White men are supporting Mitt Romney to the exclusion of logic or common sense, in defiance of normal Americans. Without this narrow, tribal appeal, Romney’s candidacy would simply not be viable. Most kinds of Americans see no reason to vote for him.

This fact is obfuscated because white people control the political media. So we get the Washington Post reporting that the election is “more polarized along racial lines than any other contest since 1988”:

Obama has a deficit of 23 percentage points, trailing Republican Mitt Romney 60 percent to 37 percent among whites, according to the latest Washington Post-ABC News national tracking poll. That presents a significant hurdle for the president—and suggests that he will need to achieve even larger margins of victory among women and minorities, two important parts of the Democratic base, to win reelection.

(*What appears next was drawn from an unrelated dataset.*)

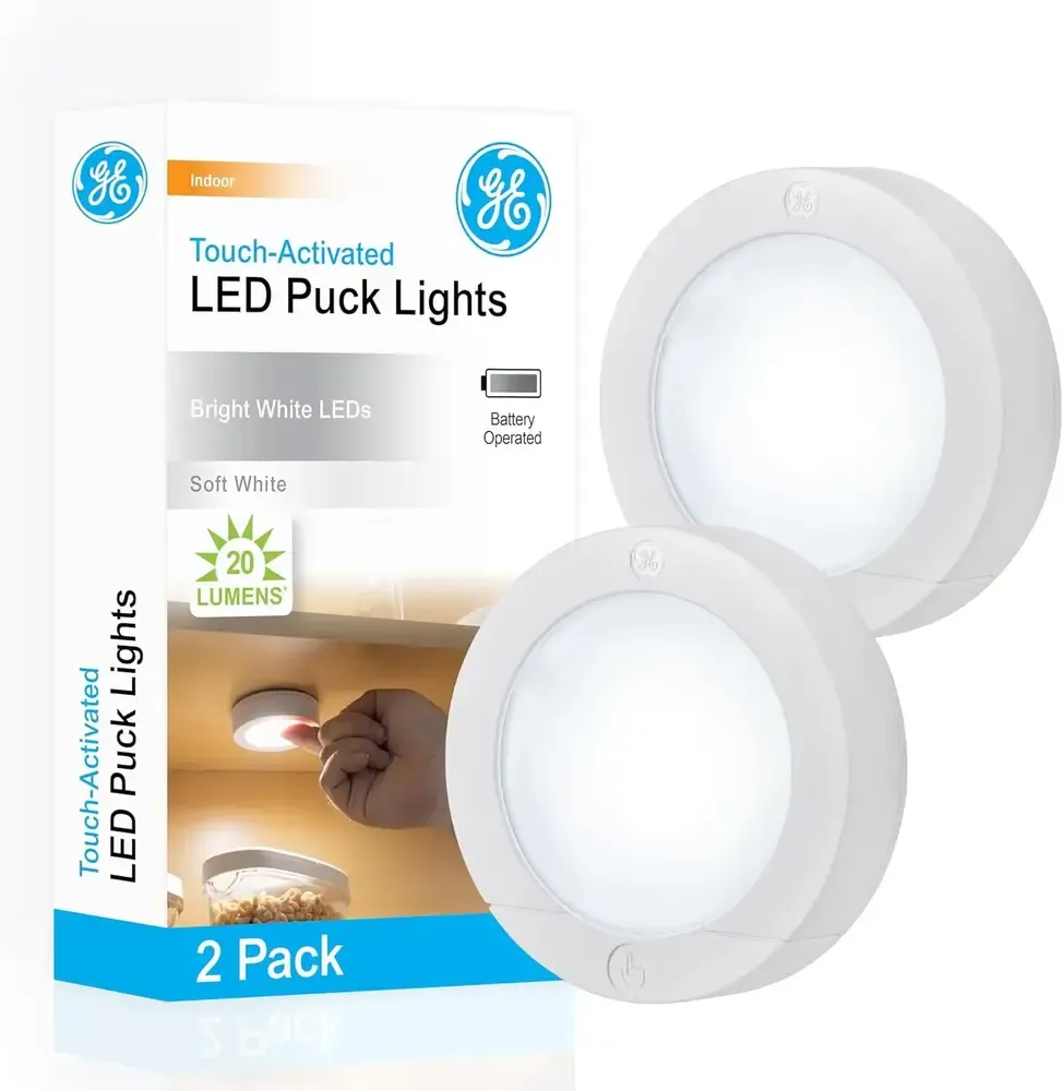 [](https://www.lightdecor.net/product/20060/ge-wireless-battery-operated-20-lumens-touch-activated-on-off-bright-white-ideal-for-closets-cabinets-attic-garage-and-more-25434-2-pack-led-puck-lights-2-count)[](https://www.homedepot.com/p/GE-Touch-Activated-White-LED-Puck-Light-2-Pack-25434/300243029)

That’s not polarized. Polarization would mean that various races were mutually pulling apart, toward their favored candidates. “Minorities” is not a race (nor, you may have noticed, is “women”). Minorities and women are the people standing still, while white men run away from them.

Scott Lemieux, over at Lawyers, Guns, and Money, points out that the media presents Obama’s support differently because of who does, and who does not, support him. While Politico claimed Obama does not have a broad mandate based on his supporters, Lemieux argues that “if Romney ekes out an electoral college and popular vote victory, we’re not going to be hearing about how Romney’s mandate is too narrow because it’s so dominated by white men.”

Of course, all of this would be moot if whites would just listen to Chris Rock’s assertion that Obama is white:

He makes some good points. Chris Rock is black, though, so I’m guessing that whites are unlikely to listen to him.